Men were screaming. So this wasn’t a dream. They’d seen the blind too. Urd snarled that he’d personally skewer the first person to take off, but that was a chance several of the men were apparently willing to take. They rode off on their horses as though they had the blind at their heels. Ravens screeched, circling the outer edge of the crater. Chasing one another. They darted in and out of the stones, in groups, like black flames.
What would Rime do if he were here now?
Hirka straightened her back and looked up. Three of the blind were coming toward them. They were pure muscle. They moved with pride, completely unbothered by the fact that they were naked as animals. They could have been ymlings. Well-built ymlings, mind. With white eyes. And clawed fingertips.
Urd took a couple of steps back. She wished she could take pleasure in his fear, in everything he’d thought he could control. But she only felt sorrow. Black sorrow. It poisoned his Might.
Bromfjell roared its disgust, protesting the presence of the pale ones. The first. Nábyrn. The deadborn. Urd suddenly seemed less sure of himself—had he even seen them before?
Hirka felt a change in Urd’s Might. He was hesitant, uncertain. These creatures weren’t going to save him. Nobody could save him.
The Might was snuffed out in a silent shriek. Then it grew stronger again. Hotter. Better. Familiar.
Hirka jumped up onto her knees and looked around.
Rime?
It had to be Rime! She knew this Might! It was the Might the way he used it. Only him. She wasn’t dreaming. She felt his warmth tear through her body like wildfire.

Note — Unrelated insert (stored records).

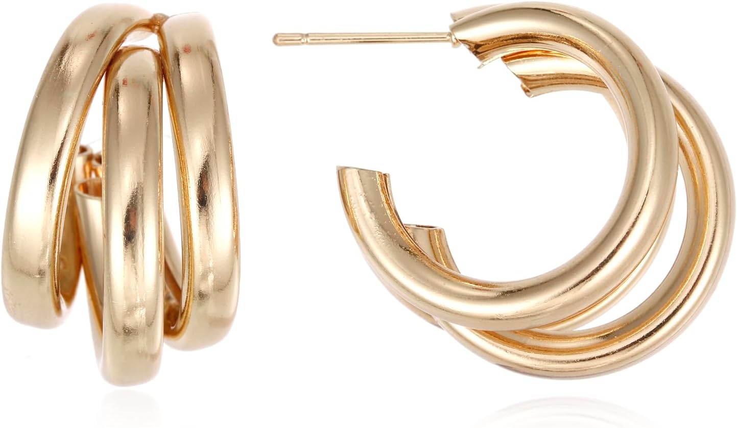 Triple Hoop Earrings, Split Hoop Huggie Earrings Trendy Chunky Earrings for Women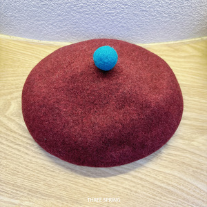 批发韩国2025年秋冬新款复古毛球羊毛贝雷帽休闲保暖显脸小画家帽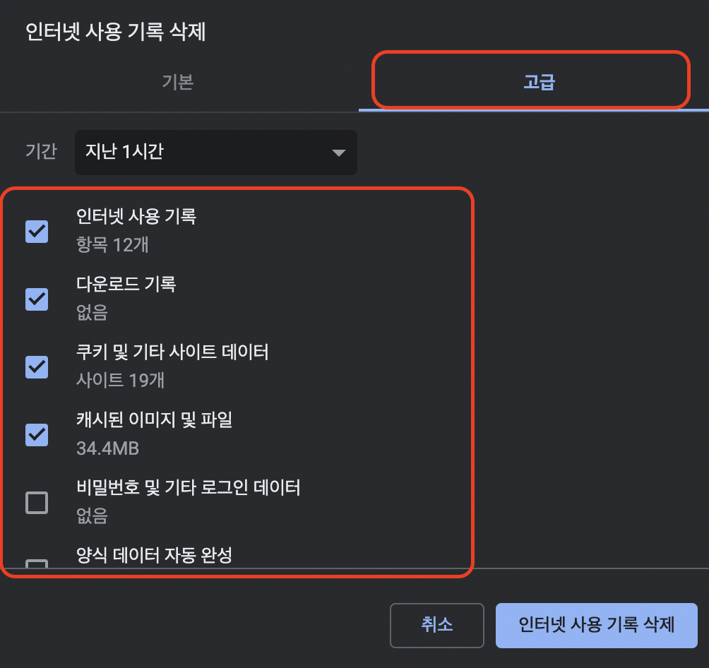 고급 탭에서 원하는 기록 혹은 쿠키, 데이터만 골라서 삭제 가능!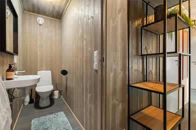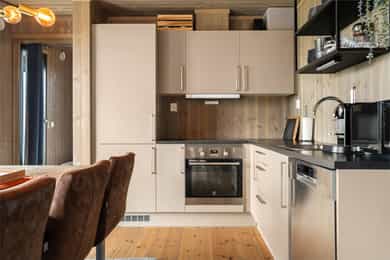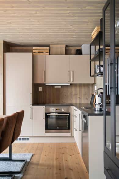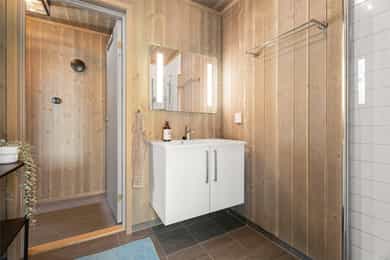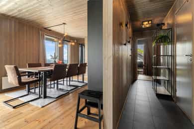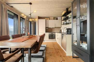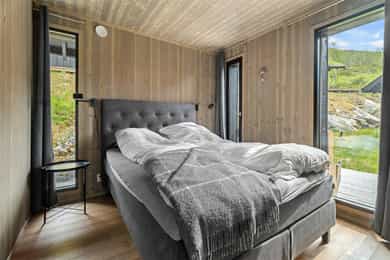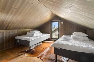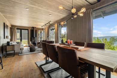 Entré/gang: Innbyende entré som gir et godt førsteinntrykk av boligen. Gangen har praktisk flislagt gulv, hvor det er enkelt å kle av seg yttertøy etter en lang dag i fjellet eller i skibakken. Gangen er godt utnyttet med oppheng og garderobeskap med gode oppbevaringsmuligheter. Teknisk rom: Teknisk rom med fliser på gulv og panel på vegger. Rommet har opplegg for vaskemaskin og det er sluk i gulv. Varmtvannsberederen er plassert i rommet. Det er god plass til oppbevaring av ski- og fritidsutstyr. Stue/spisestue: Romslig og åpen stue med store vindusflater som gir en fantastisk utsikt. Stuen har god planløsning med god plass til sofagruppe og spisestue. Stue, spisestue og kjøkken er i åpen løsning med hverandre, hvor det er god plass til venner og familie. Stua har en koselig peisovn som gir en lun og varm stemning. Uteplass: Fra stuen er det utgang til en stor terrasse på 68 kvm. Terrassen strekker seg rundt store deler av hytta, og har god plass til diverse sittegrupper. Her kan man nyte den fantastiske utsikten i rolige omgivelser. Kjøkken: Kjøkken med glatte fronter, laminerte benkeplater og nedfelt oppvaskkum i børstet rustfritt stål med 1-greps blandebatteri. Kjøkkenet er stilrent og funksjonelt, og er velutstyrt med integrert komfyr, platetopp, kombiskap og oppvaskmaskin. Vannstoppersystem med sensorer og komfyrvakt er montert. Avtrekk fra kjøkken er montert over kokesone. Bad: Hytta har bad med dusj og moderne fasiliteter. Badet har flislagte gulv med varmekabler, flislagt dusjsone, og panel på vegger og i himling. Videre er badet innredet med servant med underskap, speil med lys og gulvstående toalett. Rommet har mekanisk avtrekk og tilluft i dør. Toalettrom: Her får du også et praktisk toalettrom med fliser på gulv, og panel på vegger og i himling. Her er det servant og gulvstående toalett. Soverom: Det er totalt 5 soverom - 3 nede og 2 på loftet. Soverommene er romslige, og har plass til 2 sengeplasser per rom, enten i form av køyeseng, enkeltsenger eller dobbeltseng. Loftstue: Koselig loftstue - perfekt som en ekstra oppholdsplass. Stua passer ypperlig som TV-krok, kontor, lekestue eller leserom. Loftsetasjen har et gulvareal på 42 kvm som ikke er medregnet i arealene siden takhøyden er på 189 cm på det høyeste.

“Hlosnian!” He didn’t hear her. The ravens were shrieking too loudly, and Bromfjell was thundering. “Hlosnian!” She tried to crawl toward the old man. He had to know that Rime was here. That salvation was at hand. Hirka could see several of Urd’s men running. Where were the others? She could hear someone shouting on the outside of the crater. The sound of steel on steel. Fighting. Urd moved to the side so the blind had a clear path to her. There was nothing between them and her. Nothing. Just the Might. Yet they hesitated. Was it because of the ravens still circling above them like a living cloud? The air was charged. Ready for a storm. Something smelled like it was burning.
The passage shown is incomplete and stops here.